Adding the amyloid/tau/neurodegeneration (A/T/N) model of dementia to a clinical model may give an incremental but still significantly increased ability to predict cognitive decline over nearly 5 years, according to findings from a longitudinal cohort study of patients without dementia at baseline.

Courtesy Mayo Clinic
Dr. Clifford Jack Jr.

Although the A/T/N model is still intended only for research purposes, the study came to another important conclusion: About 50% of the memory change associated with normal aging was, in fact, caused by changes associated with Alzheimer’s disease, Clifford R. Jack Jr., MD, and colleagues wrote in JAMA.

The three groups with the fastest rates of memory decline all had abnormal amyloid and either abnormal tau and/or imaging signs of neurodegeneration. “This illustrated a dominant association of memory decline with amyloidosis but only when present in combination with tauopathy, neurodegeneration, or both,” Dr. Jack of the Mayo Clinic, Rochester, Minn., and coauthors wrote.

A/T/N, also known as the National Institute on Aging and Alzheimer’s Association Research Framework, is based on objective amyloid and tau biomarkers and imaging markers of neurodegeneration and is intended to more accurately differentiate Alzheimer’s from other dementias and, potentially, to stage the disease and predict and track decline. It generates eight clinical profiles that can identify Alzheimer’s, rule it out, or include it as a possible diagnosis.
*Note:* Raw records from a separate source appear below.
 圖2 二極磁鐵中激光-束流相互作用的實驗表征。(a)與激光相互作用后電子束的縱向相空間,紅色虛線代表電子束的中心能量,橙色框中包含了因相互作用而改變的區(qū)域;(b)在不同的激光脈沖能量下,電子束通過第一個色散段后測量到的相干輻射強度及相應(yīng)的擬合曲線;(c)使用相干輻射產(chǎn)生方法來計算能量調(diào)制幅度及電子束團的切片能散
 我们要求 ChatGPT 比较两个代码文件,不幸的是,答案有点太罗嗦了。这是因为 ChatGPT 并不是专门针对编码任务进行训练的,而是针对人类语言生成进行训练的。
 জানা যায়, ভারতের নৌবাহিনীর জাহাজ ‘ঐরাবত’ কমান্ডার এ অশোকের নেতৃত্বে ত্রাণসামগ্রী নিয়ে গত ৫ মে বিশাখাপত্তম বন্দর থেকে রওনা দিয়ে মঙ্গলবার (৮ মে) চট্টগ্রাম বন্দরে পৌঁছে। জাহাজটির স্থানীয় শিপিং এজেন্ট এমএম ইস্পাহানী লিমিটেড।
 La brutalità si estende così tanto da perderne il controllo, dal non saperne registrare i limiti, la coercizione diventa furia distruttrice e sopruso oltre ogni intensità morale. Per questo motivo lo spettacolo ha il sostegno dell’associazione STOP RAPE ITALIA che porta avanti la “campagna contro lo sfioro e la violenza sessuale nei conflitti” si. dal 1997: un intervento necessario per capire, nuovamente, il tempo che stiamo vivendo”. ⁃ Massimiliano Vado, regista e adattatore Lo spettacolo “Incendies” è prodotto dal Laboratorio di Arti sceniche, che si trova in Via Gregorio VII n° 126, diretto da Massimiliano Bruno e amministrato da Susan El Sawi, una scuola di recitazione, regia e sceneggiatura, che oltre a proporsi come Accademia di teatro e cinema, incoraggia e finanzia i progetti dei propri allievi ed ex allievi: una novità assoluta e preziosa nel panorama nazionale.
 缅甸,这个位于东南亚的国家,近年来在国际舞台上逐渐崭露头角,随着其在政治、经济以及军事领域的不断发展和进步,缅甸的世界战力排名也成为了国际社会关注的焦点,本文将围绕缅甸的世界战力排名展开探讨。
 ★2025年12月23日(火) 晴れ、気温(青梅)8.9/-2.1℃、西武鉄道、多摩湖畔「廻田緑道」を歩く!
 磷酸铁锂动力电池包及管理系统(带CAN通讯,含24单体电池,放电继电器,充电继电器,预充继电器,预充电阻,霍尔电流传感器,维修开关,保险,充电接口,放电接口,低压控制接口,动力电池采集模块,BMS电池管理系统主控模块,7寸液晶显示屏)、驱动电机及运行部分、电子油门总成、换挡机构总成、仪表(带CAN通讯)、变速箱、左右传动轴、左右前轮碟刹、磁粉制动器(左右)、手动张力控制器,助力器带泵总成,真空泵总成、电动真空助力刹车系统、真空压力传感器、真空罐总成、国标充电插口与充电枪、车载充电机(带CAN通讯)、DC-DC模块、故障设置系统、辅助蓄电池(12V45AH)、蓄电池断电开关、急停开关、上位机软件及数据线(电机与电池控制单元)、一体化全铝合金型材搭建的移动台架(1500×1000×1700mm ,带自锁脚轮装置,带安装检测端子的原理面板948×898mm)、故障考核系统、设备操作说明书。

The study comprised 480 elderly individuals enrolled in the Mayo Clinic Study on Aging. Median age of the participants ranged from 67 years in one of the eight clinical profiles (A–/T–/N–) to 83 years in another (A+/T+/N+). Most (92%) were cognitively normal; the remainder had mild cognitive impairment (MCI). They were followed for a median of 4.8 years.
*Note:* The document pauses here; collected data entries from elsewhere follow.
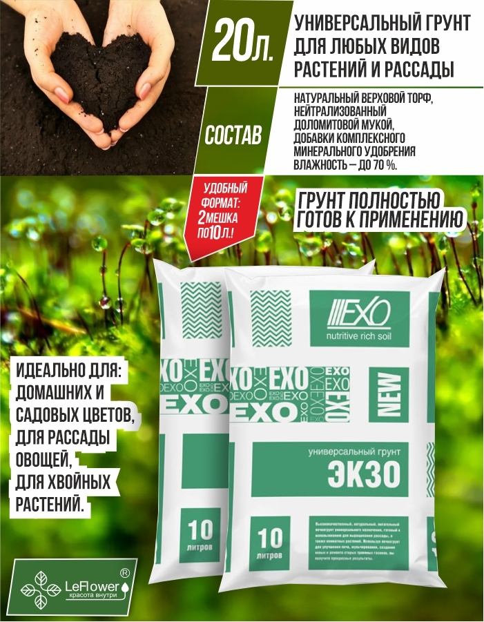 Грунт Экзо - 20л. - (2 упаковки по 10 л.) универсальный высококачественный, натуральный, питательный почвогрунт, готовый к использованию для выращивания рассады, а также комнатных растений. Используйте универсальную землю Экзо для улучшения почв, мульчирования, создания новых и ремонта старых травяных газонов и вы получите прекрасные результаты. Универсальный грунт повышает всхожесть семян, приживаемость рассады. Подходит для всех видов садовых растений. Ускоряет рост растений, способствует вызреванию здорового урожая. Универсальная земля Экзо содержит дополнительный запас питательных веществ и микроэлементов. Состав и питательная ценность универсального грунта (мг/л): Натуральный верховой торф, нейтрализованный доломитовой мукой, с добавками комплексного минерального удобрения. Влажность – до 70 %.Для производства земли универсальной Экзо применяется натуральный торф. Производство земли для растений реализовано на современном оборудовании с использованием передовых технологий. При производстве Грунт проходит несколько ступеней обработки, включая обеззараживание и тщательное просеивание, за счет чего отсутствуют палки, куски коры и камни. Универсальная земля Экзо - всегда прекрасный EXO результат!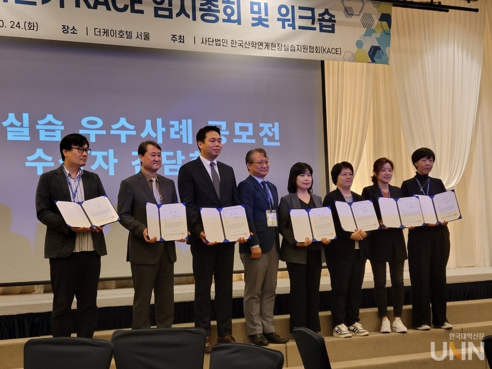 KACE는 9월 한 달 동안 전국 대학교(4년제, 2년제) 현장실습 운영 부서를 대상으로 ‘표준현장실습학기제 공모전’을 통해 심사를 거쳐 대상, 금상 각 1팀과 은상 2팀, 동상 3팀 등 7팀을 선발했다.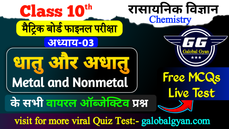 दोस्तों आने वाले कक्षा 10th के फाइनल मैट्रिक बोर्ड परीक्षा को ध्यान मे रखते हुए विज्ञान (Science) रसायन विज्ञान (Chemistry) अध्याय-03, धातु एवं अधातु (Metals and Non-Metals) QUIZ को तैयार किया गया है, ताकि इस विषय में विद्यार्थी अधिक से अधिक अंक प्राप्त कर सकें और इस QUIZ में केवल V.V.I ऑब्जेक्टिव MCQS प्रश्नों को ही शामिल किया गया है, जो आगामी(आनेवाली) फाइनल परीक्षा के लिए बहुत महत्वपूर्ण है, सभी छात्र एवं छात्राएँ विज्ञान (Science) रसायन विज्ञान (Chemistry) अध्याय-03, धातु एवं अधातु (Metals and Non-Metals) के QUIZ को ऑनलाइन MCQS Live टेस्ट दें ताकि आप बिहार मैट्रिक बोर्ड परीक्षा में धातु एवं अधातु (Metals and Non-Metals) चैप्टर-03 से 100% अंक प्राप्त करें !

Both amyloid and tau were measured with PET imaging; neuropathology was represented by MRI scans of cortical thickness. Most (n = 140) were negative for all biomarkers (A–/T–/N–). The group positive for all markers (A+/T+/N+) had the largest proportion of MCI subjects (30%). The apolipoprotein E epsilon 4 (APOE4) genotype was more common among the A+ groups than it was among the A– groups (40% vs. 21%).
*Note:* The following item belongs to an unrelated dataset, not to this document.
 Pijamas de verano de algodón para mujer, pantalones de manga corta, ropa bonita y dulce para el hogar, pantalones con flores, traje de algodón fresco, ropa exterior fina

The individual cognitive decline trajectories varied considerably by age and within each classification group. Only 7% of the A–/T–/N– group were 80 years or older, and only 2% of the A+/N+/T+ group were younger than 70 years.



In a clinical model, age and APOE4 status were significantly associated with faster rates of memory decline. Sex, education, and a cardiovascular/metabolic model were not, however.

“The estimated rate of memory decline in a 75-year-old individual who was an APOE4 noncarrier was –0.04 z-score units per year,” the authors wrote. “An 85-year-old individual who was also an APOE4 noncarrier could be expected to have a decline of –0.08 units per year, while a 75-year-old E4 carrier could be expected to have a decline of –0.08 units per year.”

Every 10 years of additional age was associated with a significant median worsening of 0.4 on z score for memory. A 4-year difference in education was associated with a 0.6-unit higher memory score, while APOE4 carriers had a 0.3-unit lower memory score.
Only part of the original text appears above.